Not using JavaScript sorting made it easier to link sorted tables from other pages. Also, with a melee database reset, getting rid of battles with retired bots may change the rankings. And you put %wins scoring. =D

But I miss some kind of Condorcet ranking. PL was the only one we had, and the one Combat was doing best.

Also miss some kind of statistical ranking. Elo was what we had and allowed fun statistics like problem bot index, specialization index and that non-working JavaScript diagram. Mirror bots and ram bots will lose some of their appeal without those statistics.

I tried to raise a RoboRumble server in App Engine a long time ago, but they didn´t allow me into the free tier. :(

MN16:57, 27 May 2012

My %Wins is a bit of a cheat. It is just 1 point per PL win, divided by bots in rumble. I prefer it to PL because it is not dependant on the number of bots in the rumble. So if Combat was doing well in PL, it should do well in %Win.

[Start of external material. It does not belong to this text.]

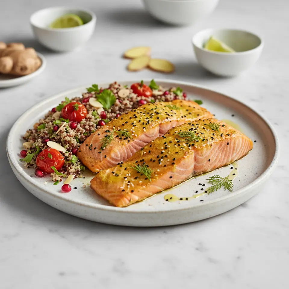 Turmeric-Ginger Baked Salmon with Antioxidant Quinoa

I'm still not using my Backend for anything, so I was thinking that once a day I could use it to generate some sort of pseudo-problembot stats stuff. ELO/Glicko is nice, but it is really designed for being good approximations when pairings are missing. In our case, the pairings are fairly easy to fill, so that isn't a problem; APS tends to converge to the same ranking order, and it isn't full of voodoo that makes it difficult to comprehend. It is also possible to correct APS easily if results get lost due to being in memcache =)

One ranking idea I had an idea for was doing a The Best Bot calculation (get a point for being the best against any competitor). It would increase my number of database writes in the only reasonably robust/non-batch way I can think of, which is what is holding me back at the moment. I could use a Backend for calculating it once or twice a day, I guess, or make it expire once every 6 hours and be triggered by a page load. It needs n*n runtime. Maybe I can fit it into the regular rankings calculations.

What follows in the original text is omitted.